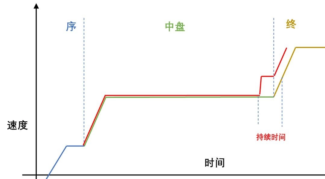 第三次是进入中盘阶段的加速,其相对重要性稍低一些——这是因为中盘阶段主要由匀速环节构成,后续会详细说明,该阶段的核心需求是中盘开启时的速度技巧。
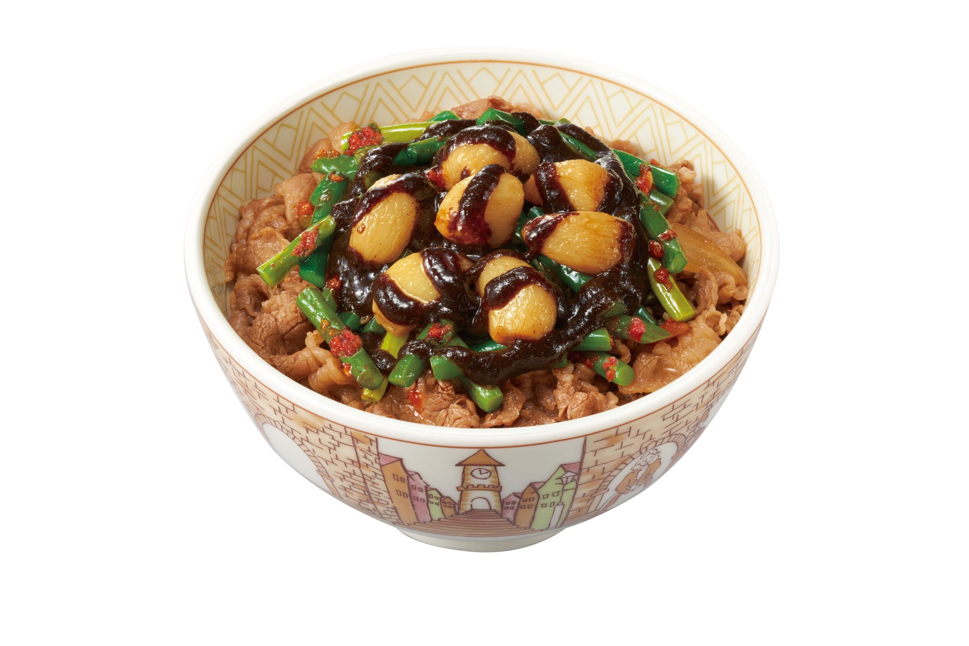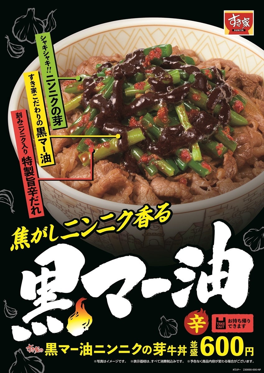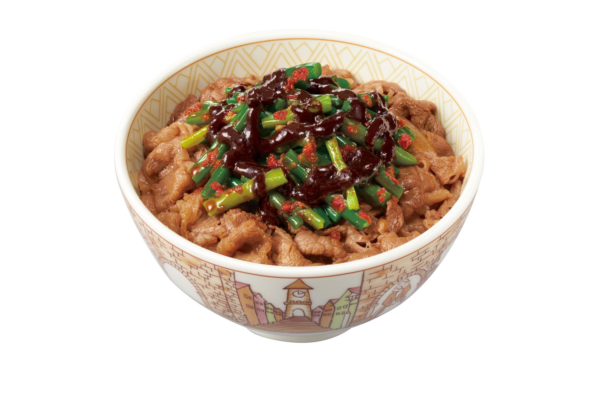 【すき家】大人気商品がパワーアップ!焦がしニンニク香る黒マー油と旨辛ニンニクの芽のダブルパンチ「黒マー油ニンニクの芽牛丼」新登場!
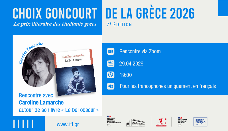 Des étudiants et des professeurs grecs rencontreront l’écrivaine Caroline Lamarche pour discuter de son livre Le bel obscur le mercredi 29 avril 2026 à 19h00 par vidéoconférence, dans le cadre de la septième édition du Choix Goncourt de la Grèce.
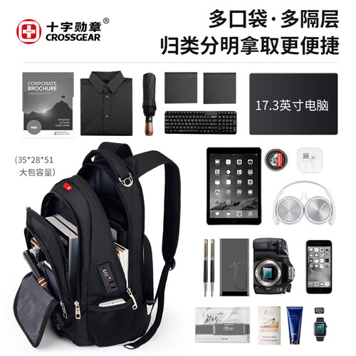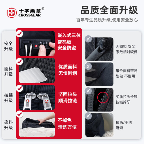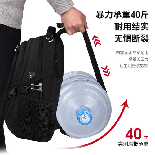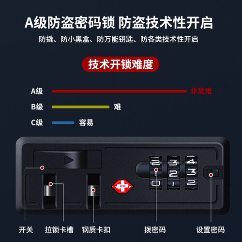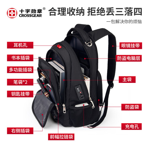 三大隔层,大容量,安全防盗,科学收纳系统。一键解锁简单操作,保障包内物品安全。隐藏式USB充电接口,即插即充电。

TASK BRIEF:
Restate the listing word for word, pictures omitted.

TASK ANSWER:
 第三次是进入中盘阶段的加速,其相对重要性稍低一些——这是因为中盘阶段主要由匀速环节构成,后续会详细说明,该阶段的核心需求是中盘开启时的速度技巧。
 【すき家】大人気商品がパワーアップ!焦がしニンニク香る黒マー油と旨辛ニンニクの芽のダブルパンチ「黒マー油ニンニクの芽牛丼」新登場!
 Des étudiants et des professeurs grecs rencontreront l’écrivaine Caroline Lamarche pour discuter de son livre Le bel obscur le mercredi 29 avril 2026 à 19h00 par vidéoconférence, dans le cadre de la septième édition du Choix Goncourt de la Grèce.
 三大隔层,大容量,安全防盗,科学收纳系统。一键解锁简单操作,保障包内物品安全。隐藏式USB充电接口,即插即充电。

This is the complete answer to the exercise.